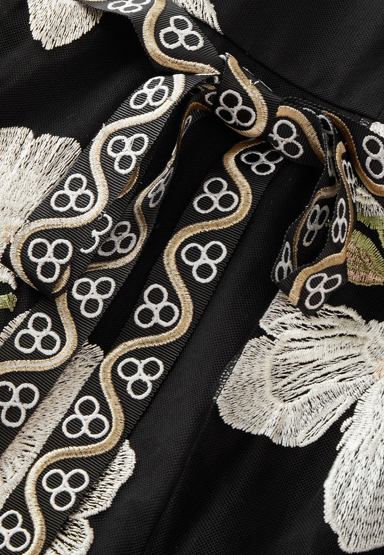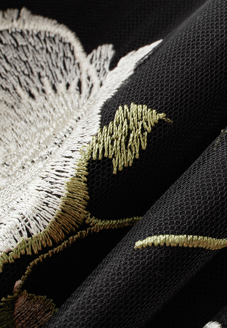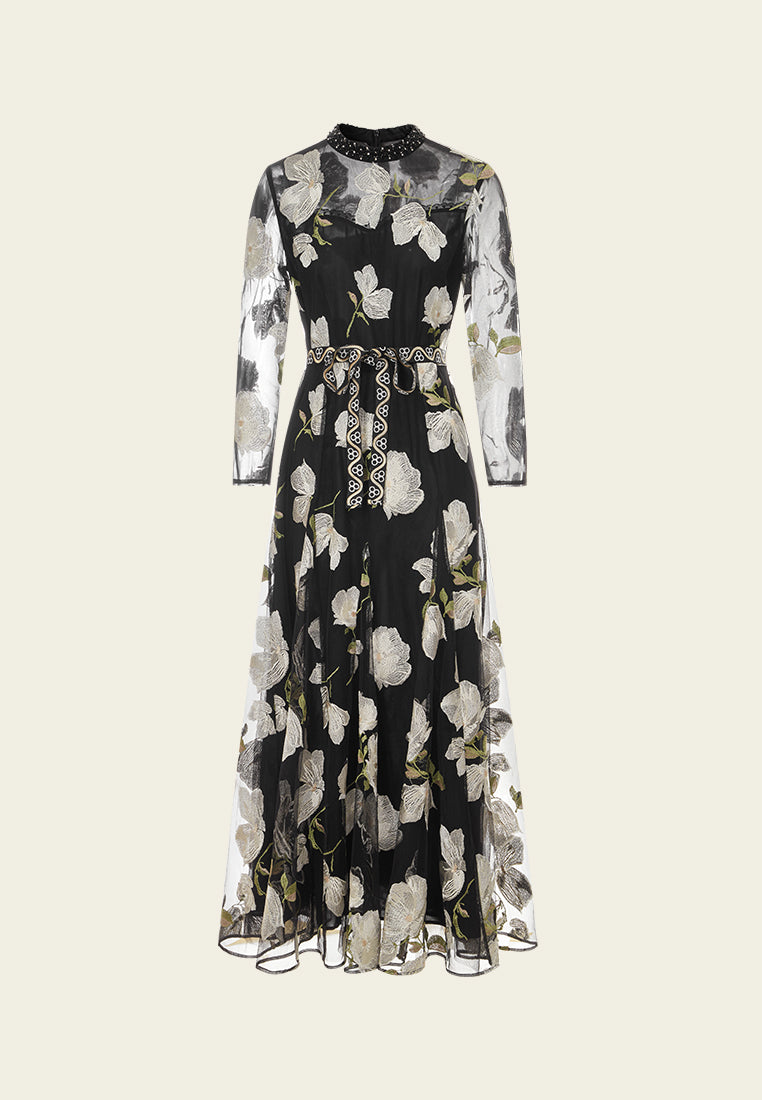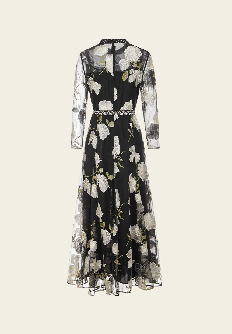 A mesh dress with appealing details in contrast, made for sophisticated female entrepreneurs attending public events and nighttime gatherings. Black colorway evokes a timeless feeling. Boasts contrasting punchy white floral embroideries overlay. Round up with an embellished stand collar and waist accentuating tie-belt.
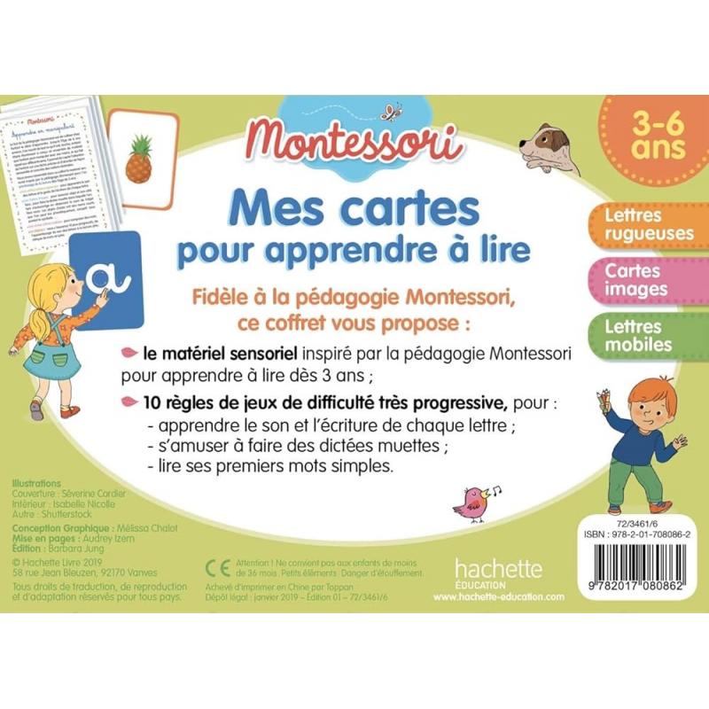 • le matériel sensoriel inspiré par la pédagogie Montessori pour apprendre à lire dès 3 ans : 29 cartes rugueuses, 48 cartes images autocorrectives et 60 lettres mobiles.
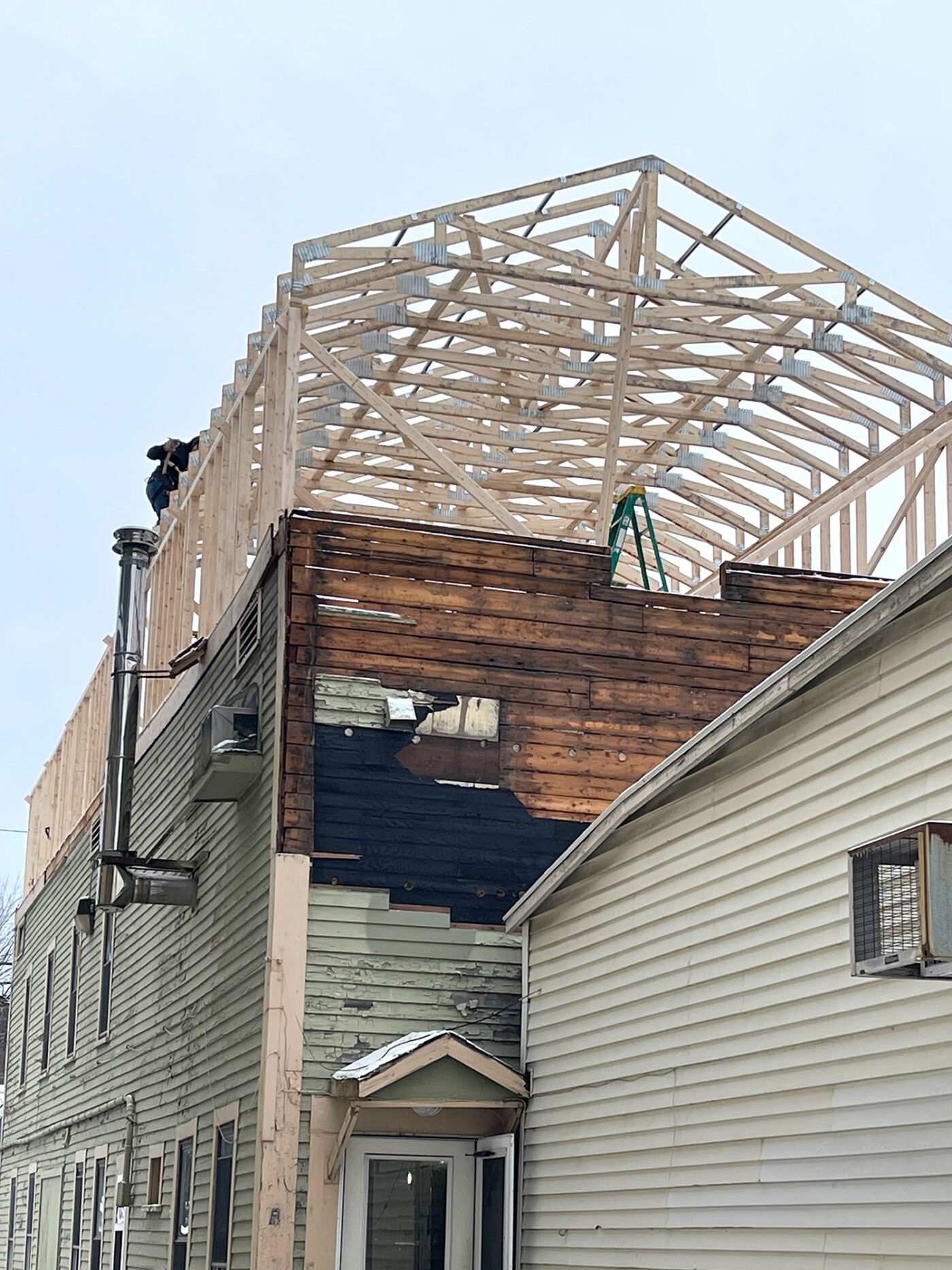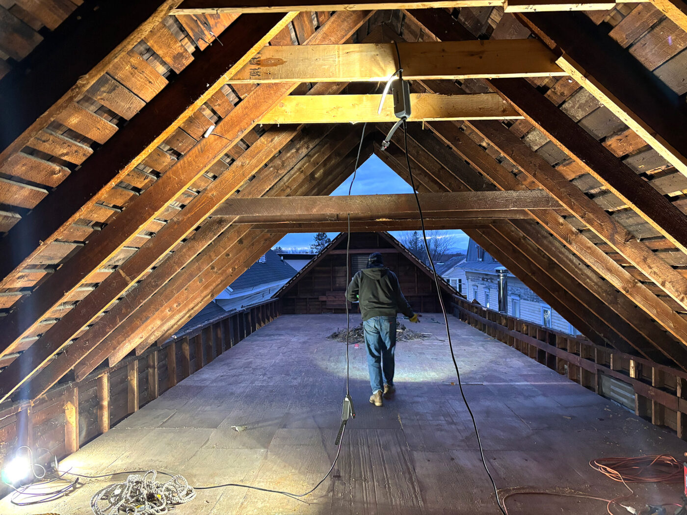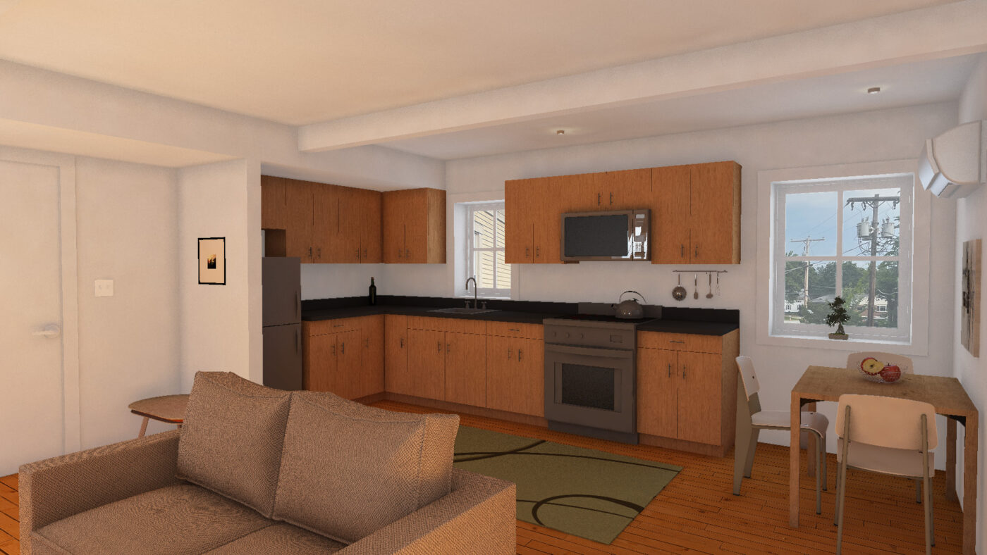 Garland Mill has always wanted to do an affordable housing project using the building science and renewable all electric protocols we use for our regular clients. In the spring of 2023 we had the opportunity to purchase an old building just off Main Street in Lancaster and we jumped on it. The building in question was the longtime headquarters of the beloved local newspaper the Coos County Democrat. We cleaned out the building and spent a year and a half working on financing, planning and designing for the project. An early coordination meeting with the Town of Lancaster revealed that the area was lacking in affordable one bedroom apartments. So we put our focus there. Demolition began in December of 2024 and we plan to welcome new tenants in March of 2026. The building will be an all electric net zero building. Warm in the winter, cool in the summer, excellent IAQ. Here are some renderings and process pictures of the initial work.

++++++

All the material shown above is to be copied exactly, with no pictures carried over.

 A mesh dress with appealing details in contrast, made for sophisticated female entrepreneurs attending public events and nighttime gatherings. Black colorway evokes a timeless feeling. Boasts contrasting punchy white floral embroideries overlay. Round up with an embellished stand collar and waist accentuating tie-belt.
 • le matériel sensoriel inspiré par la pédagogie Montessori pour apprendre à lire dès 3 ans : 29 cartes rugueuses, 48 cartes images autocorrectives et 60 lettres mobiles.
 Garland Mill has always wanted to do an affordable housing project using the building science and renewable all electric protocols we use for our regular clients. In the spring of 2023 we had the opportunity to purchase an old building just off Main Street in Lancaster and we jumped on it. The building in question was the longtime headquarters of the beloved local newspaper the Coos County Democrat. We cleaned out the building and spent a year and a half working on financing, planning and designing for the project. An early coordination meeting with the Town of Lancaster revealed that the area was lacking in affordable one bedroom apartments. So we put our focus there. Demolition began in December of 2024 and we plan to welcome new tenants in March of 2026. The building will be an all electric net zero building. Warm in the winter, cool in the summer, excellent IAQ. Here are some renderings and process pictures of the initial work.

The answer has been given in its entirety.